__EXERCISE BRIEF__.
Although the entries contain pictures, the copy should hold only their exact text.

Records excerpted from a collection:
-----
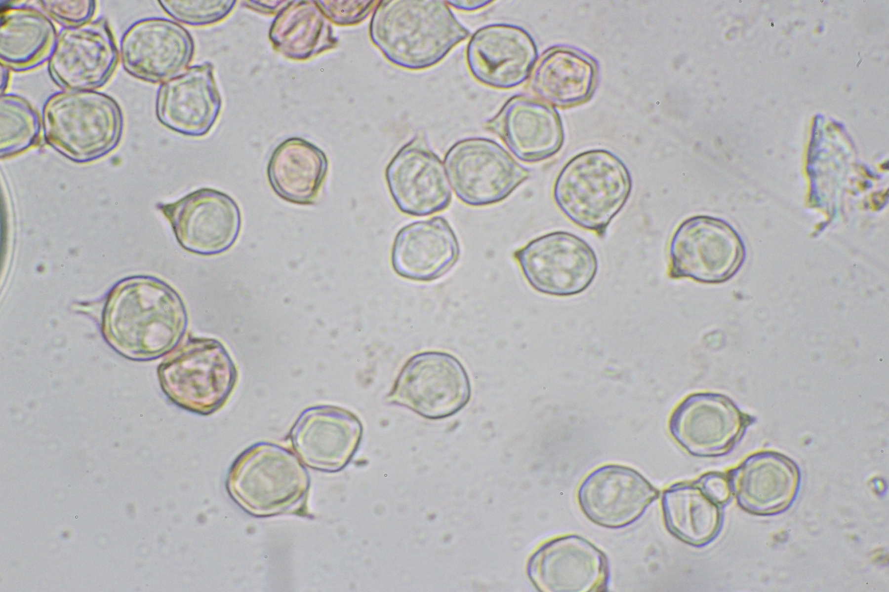 Eigentlich scheint mir auch vieles zu passen, nur zwei Dinge machen mich etwas unsicher: Die Sporen, die ich von ihm im Netz gefunden habe, scheinen mir insgesamt eckiger als meine. Dann habe ich Zellen gefunden, die ich als Cheilozystiden ansehen würde. E. sericeoides dürfte sie aber nicht haben. Oder sind die Strukturen auf dem Foto etwas anderes?
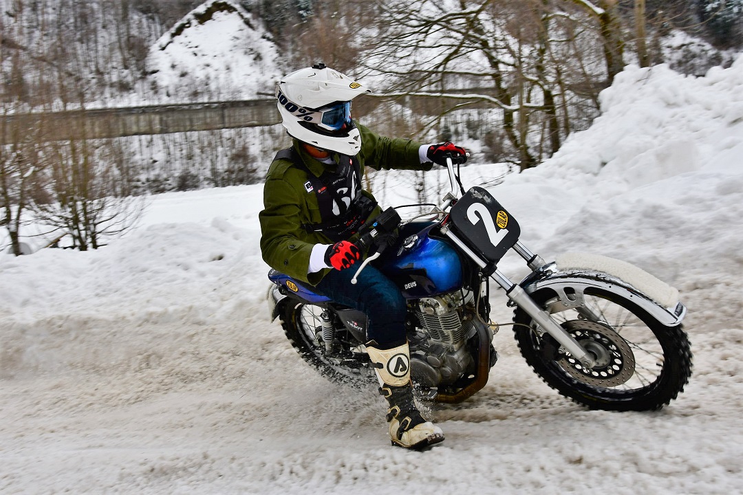 Riding the old Montesa on ice was a pleasant surprise even though a few carb adjustments were done to adjust in the high altitude and low temperatures. After the first two passes, Giannis started pushing and improving his lap time.
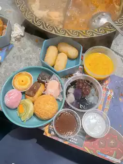 Desserts 🍮: Options included mango sago 🥭, taro balls with grass jelly, mochi, puddings, and cakes 🍰.
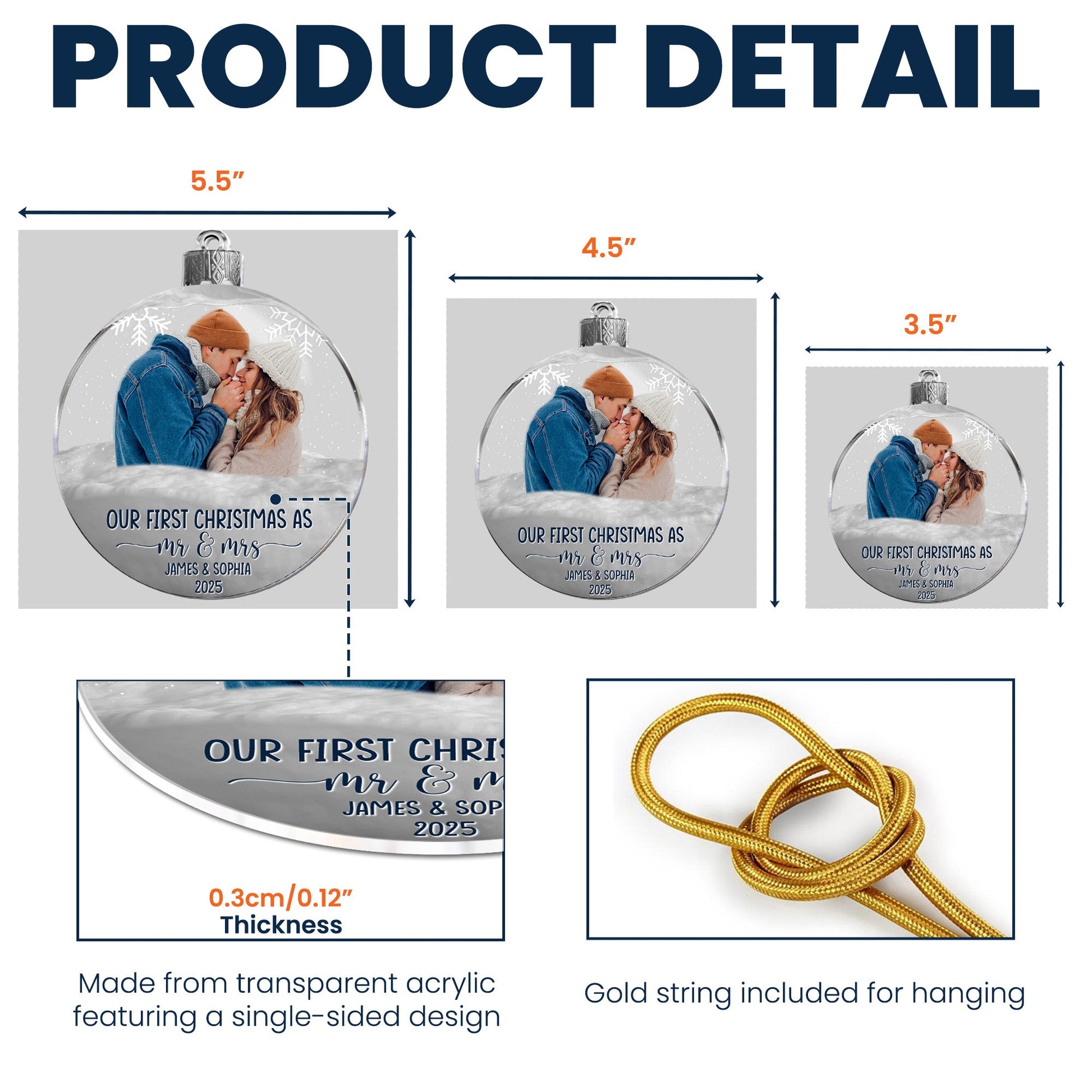 First Christmas As Mr & Mrs Christmas Globe - Personalized Acrylic Photo Ornament
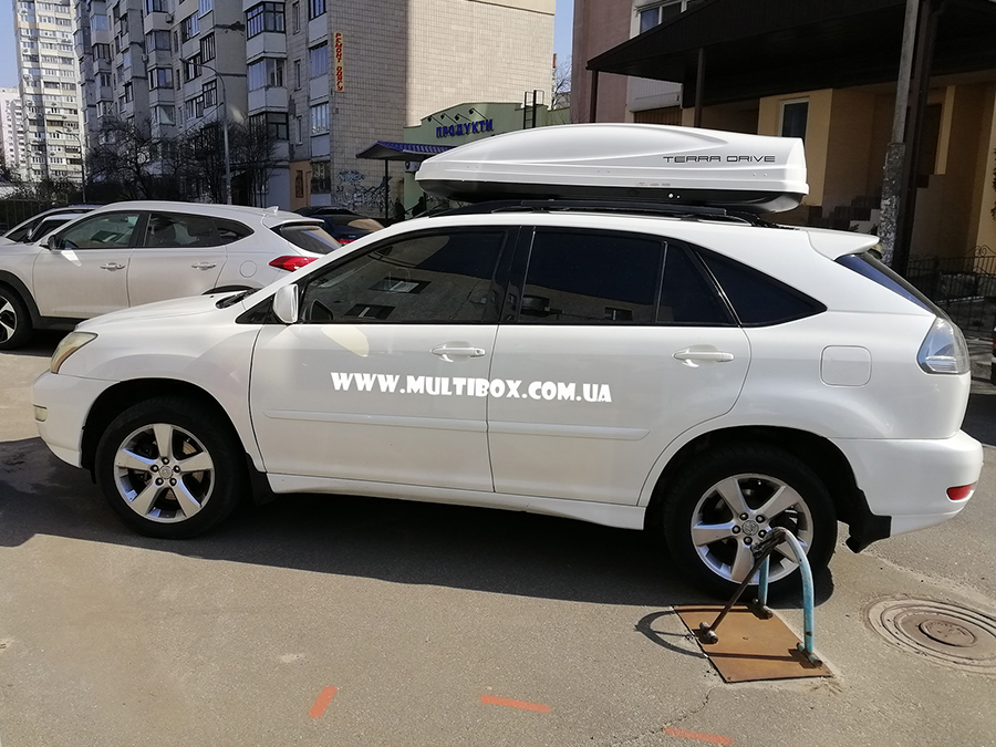 Автомобільний бокс Terra Drive 480 білий глянцевий, двосторонній на дах автомобіля з оригінальними поперечинами Lexus RX. Кришка багажника відкривається і не дістає до боксу.
-----
__OUTPUT FOR THIS EXERCISE__.
 Eigentlich scheint mir auch vieles zu passen, nur zwei Dinge machen mich etwas unsicher: Die Sporen, die ich von ihm im Netz gefunden habe, scheinen mir insgesamt eckiger als meine. Dann habe ich Zellen gefunden, die ich als Cheilozystiden ansehen würde. E. sericeoides dürfte sie aber nicht haben. Oder sind die Strukturen auf dem Foto etwas anderes?
 Riding the old Montesa on ice was a pleasant surprise even though a few carb adjustments were done to adjust in the high altitude and low temperatures. After the first two passes, Giannis started pushing and improving his lap time.
 Desserts 🍮: Options included mango sago 🥭, taro balls with grass jelly, mochi, puddings, and cakes 🍰.
 First Christmas As Mr & Mrs Christmas Globe - Personalized Acrylic Photo Ornament
 Автомобільний бокс Terra Drive 480 білий глянцевий, двосторонній на дах автомобіля з оригінальними поперечинами Lexus RX. Кришка багажника відкривається і не дістає до боксу.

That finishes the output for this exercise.